According to a report by “The Block,” the U.S. Commodity Futures Trading Commission (CFTC) has voted to propose a rule to enhance customer protection for investors trading through Derivatives Clearing Organizations (DCOs).
The rule, titled “Protection of Customer Funds Held by Derivatives Clearing Organizations,” will require DCOs registered with the commission and clearing trades to separate customer funds (including retail investors’ funds) from their own funds. The proposal will next seek public comments.
CFTC Commissioner Kristin Johnson, who voted in favor, stated that the bankruptcy of FTX was a significant impetus for this proposal, as the FTX incident “illustrates the extent of losses that customers may suffer in the absence of rules prohibiting the commingling of customer funds or member property.”

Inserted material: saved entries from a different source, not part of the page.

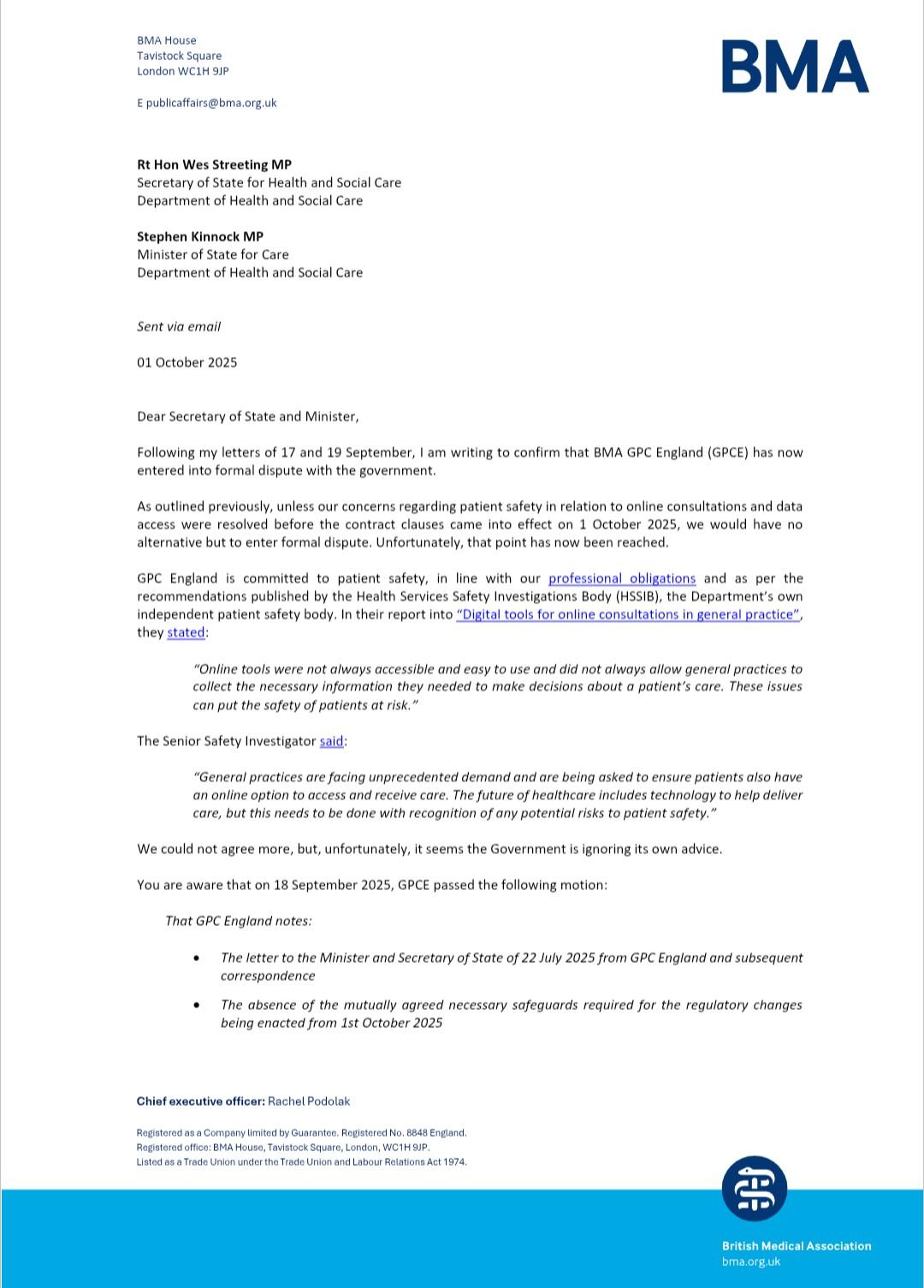 Its October 1st. Crucial patient safeguards are not in place. The BMA has entered into formal dispute with the government. And rightly so ✊
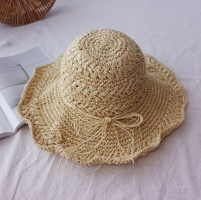 遮阳防晒帽子女夏天纯手工钩针大沿草帽渔夫帽蝴蝶结盆帽出游海边
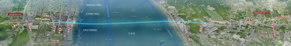 象山石浦港海底隧道及接線是S202省道嘉象線的重要組成部分,隧道及接線全長約6.7公里,隧道部分長約4.2公里,采用一級公路標準建設,其中跨海隧道部分采用盾構方案,隧道部分滿足高速公路標準,盾構外徑13.3米,設置雙向四車道,是寧波市首條海底盾構公路隧道,也是國內最長的穿越全淤泥質軟土地層的海底盾構公路隧道。
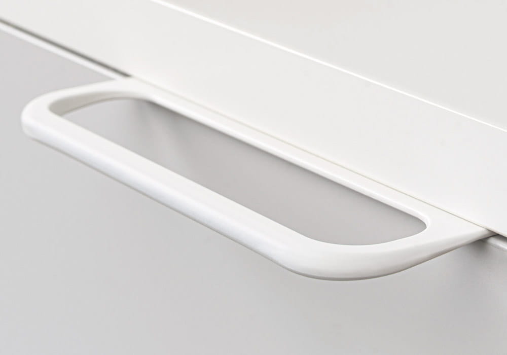 Wszechstronna rękojeść zaprojektowana przez Bernata Lloncha, z podstawą ze znalu i dostępna w czterech wykończeniach: szczotkowany nikiel, mosiądz, matowa biel, matowa czerń i omszona szarość. Obręcz to uchwyt o doskonałym pozycjonowaniu, wyważony geometrycznie, o zmniejszonych wymiarach i maksymalnych możliwościach. Jego proste zaokrąglone linie szczególnie dobrze komponują się z szafkami i meblami biurowymi. Dobrze sprawdza się przy grubościach drzwi od 19 do 23 mm, pojedynczo lub w zestawie, gdy mamy do czynienia z szufladami o dużych gabarytach. Korzystny chwyt i minimalistyczny ton linii sprawiają, że jest to ergonomiczne i wyróżniające się akcesorium, odpowiednie do eklektycznych stylów dekoracyjnych.
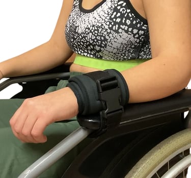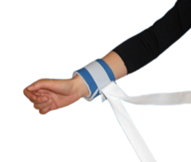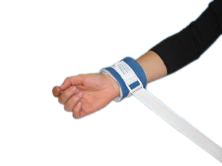 Polsino immobilizzatore in tessuto imbottito indicato per pazienti costretti a prolungati periodo in carrozzina o su sedia comoda. Dotata di nastri per il fissaggio alla struttura del bracciolo di qualsiasi modello di carrozzina. La chiusura tramite fibbia garantisce un “rapido sgancio” in caso di emergenza.
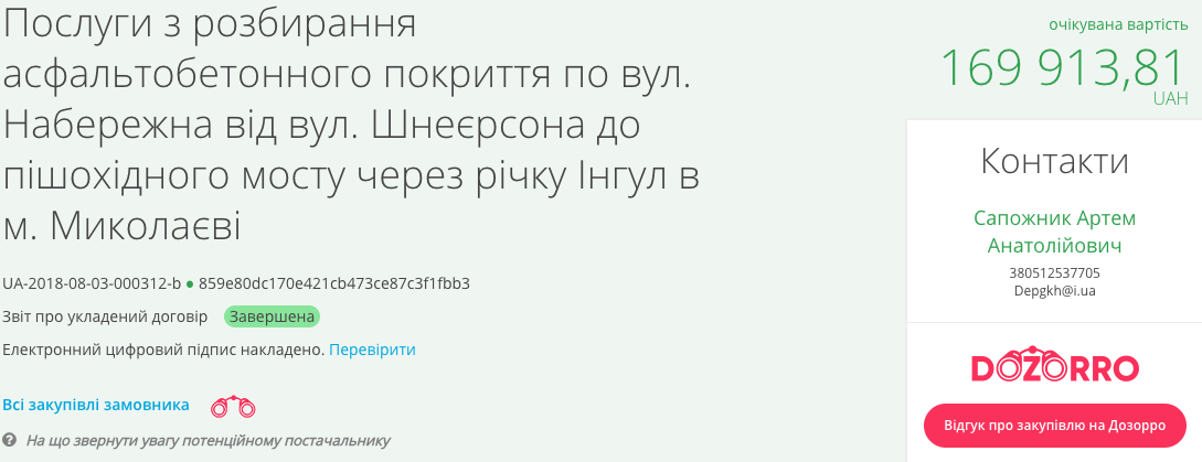 Согласно данным ресурса, чиновники Департамента 3 августа заключили договор с предпринимателем Сергеем Озейчуком на 169 тысяч 913 гривен по демонтажу старого асфальтового покрытия у судостроительной верфи.

CFTC Chairman Rostin Behnam also voted in favor, noting that while there are protections in place for funds belonging to futures commission merchant customers, there are none for funds belonging to DCO clearing members. He stated that CFTC also voted on Wednesday to grant a DCO license to the cryptocurrency derivatives exchange Bitnomial, allowing the company to conduct clearing operations for futures and options trading. Bitnomial stated in a release that it is the “first and only cryptocurrency-native exchange with full U.S. Derivatives Exchange, Clearinghouse, and Broker licenses.”